Дегтярев несколько раз мельком видел секретаря райкома, но не был с ним знаком. Это был человек невысокого роста, с коротко подстриженной под ежик головой. Он ходил в длинном кожаном реглане, и звали его не по фамилии – Назаров – и не Сергеем Сергеевичем, а просто Сергеичем.

Копылов заметил, что машина секретаря райкома свернула на школьный двор, и, повернувшись к едущему сзади Дегтяреву, сказал:

– Начальство в школе. Езжайте туда, а то наговорит на вас ваша Елизавета Васильевна.

– Не могу. Да и не к чему. Вот расседлаю – и спать!

Секретарь райкома Назаров сидел в кабинете Елизаветы Васильевны и, рассматривая чернильницу, спрашивал:

– А где ваш биолог?

– Не могу сказать. Возможно, в степи, а возможно, в суде. Ведь он у нас стал адвокатом… То оправдывал бегство девочки от матери-спекулянтки, а тут вдруг стал на защиту самой спекулянтки. Нет, мне с ним вместе не работать.

– Да, я кое-что слыхал об этом… Так, значит, в школе Дегтярева нет? Жалко…

– Вы, может быть, хотите побывать на уроках?
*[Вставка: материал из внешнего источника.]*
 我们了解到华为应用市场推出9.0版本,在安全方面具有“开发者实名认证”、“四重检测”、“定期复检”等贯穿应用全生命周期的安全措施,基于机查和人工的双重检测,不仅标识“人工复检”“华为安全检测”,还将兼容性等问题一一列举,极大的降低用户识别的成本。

– Нет, нет, благодарю, – поспешно отказался Назаром и стал прощаться с Елизаветой Васильевной. – Без особой необходимости в классы не хожу. Стараюсь делать это как можно реже. Знаете, мне почему-то кажется, что каждое вот такое неожиданное посещение класса стоит здоровья учителю.

Назаров разыскал Дегтярева на колхозной конюшне. Алексей Константинович расседлывал свою лошадь.

Они присели в сторонке на старые дрожки, и секретарь райкома сказал:

– Наконец поймал. Из степи?

– Надо когда-нибудь отдохнуть от школы, в другом месте побывать, – весело ответил Дегтярев.

– Так, – понимающе кивнул Назаров. – Ну, а предстоящее выступление на суде в качестве защитника Олейниковой, это тоже для разнообразия?

– Правда, выходит как-то не так: учитель, коммунист и вдруг в роли защитника спекулянтки… Но вот верно – нужно. А вы, что, против?

– Да как вам сказать…

– И приехали, чтобы предупредить, предостеречь меня?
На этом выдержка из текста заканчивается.